WHAT YOU WILL DO: Word for word, print each line of the listing below; pictures stay out.

DATA PROVIDED:
BEGIN
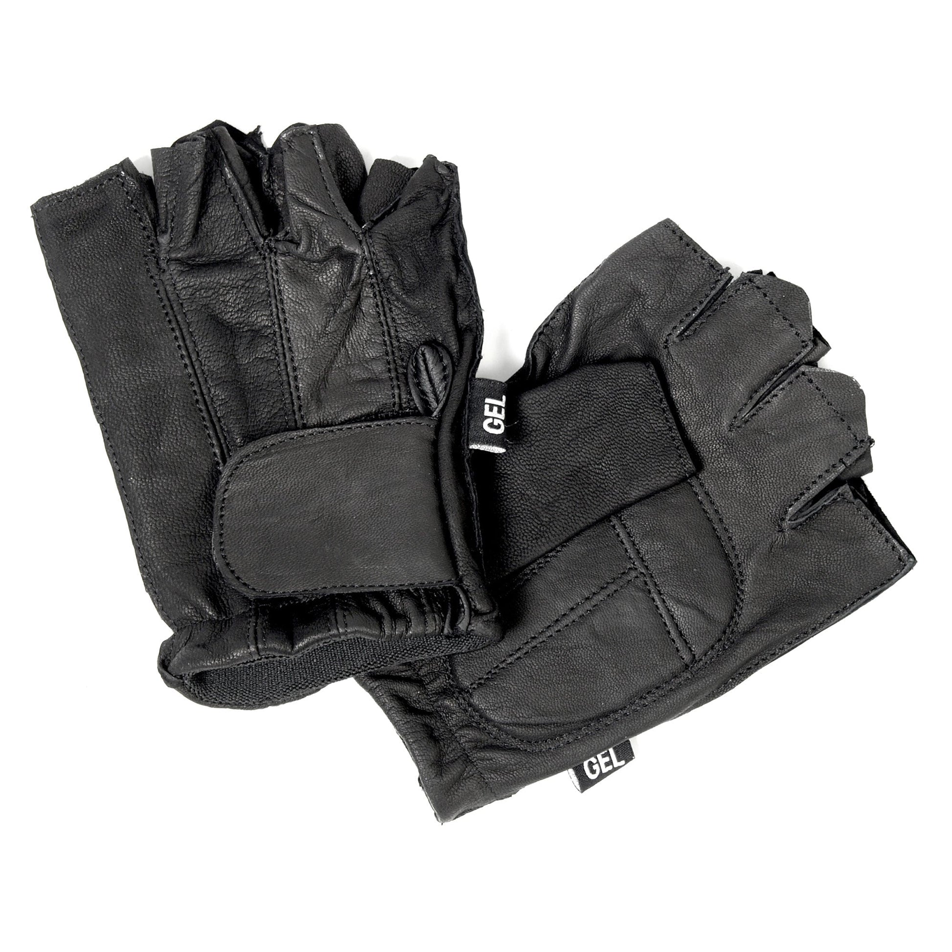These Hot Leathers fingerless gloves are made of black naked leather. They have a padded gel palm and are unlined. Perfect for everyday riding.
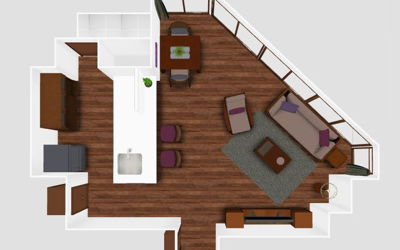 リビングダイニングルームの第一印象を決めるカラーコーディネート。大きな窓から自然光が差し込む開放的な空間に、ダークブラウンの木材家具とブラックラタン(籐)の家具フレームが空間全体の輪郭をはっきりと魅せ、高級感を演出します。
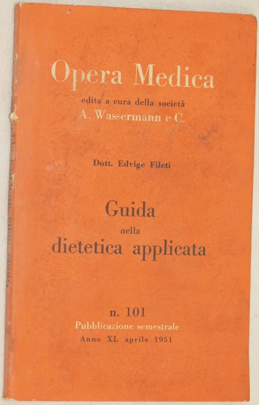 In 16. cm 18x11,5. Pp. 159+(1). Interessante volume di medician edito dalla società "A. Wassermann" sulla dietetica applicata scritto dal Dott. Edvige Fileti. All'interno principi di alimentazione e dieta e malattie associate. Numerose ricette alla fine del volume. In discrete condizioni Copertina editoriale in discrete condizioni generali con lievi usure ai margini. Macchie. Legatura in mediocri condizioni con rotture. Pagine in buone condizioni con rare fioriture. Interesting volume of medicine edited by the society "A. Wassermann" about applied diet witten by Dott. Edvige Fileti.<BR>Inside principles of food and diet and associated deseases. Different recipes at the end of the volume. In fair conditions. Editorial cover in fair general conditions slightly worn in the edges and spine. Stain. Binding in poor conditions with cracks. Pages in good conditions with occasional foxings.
END
TASK RESULT:
These Hot Leathers fingerless gloves are made of black naked leather. They have a padded gel palm and are unlined. Perfect for everyday riding.
 リビングダイニングルームの第一印象を決めるカラーコーディネート。大きな窓から自然光が差し込む開放的な空間に、ダークブラウンの木材家具とブラックラタン(籐)の家具フレームが空間全体の輪郭をはっきりと魅せ、高級感を演出します。
 In 16. cm 18x11,5. Pp. 159+(1). Interessante volume di medician edito dalla società "A. Wassermann" sulla dietetica applicata scritto dal Dott. Edvige Fileti. All'interno principi di alimentazione e dieta e malattie associate. Numerose ricette alla fine del volume. In discrete condizioni Copertina editoriale in discrete condizioni generali con lievi usure ai margini. Macchie. Legatura in mediocri condizioni con rotture. Pagine in buone condizioni con rare fioriture. Interesting volume of medicine edited by the society "A. Wassermann" about applied diet witten by Dott. Edvige Fileti.<BR>Inside principles of food and diet and associated deseases. Different recipes at the end of the volume. In fair conditions. Editorial cover in fair general conditions slightly worn in the edges and spine. Stain. Binding in poor conditions with cracks. Pages in good conditions with occasional foxings.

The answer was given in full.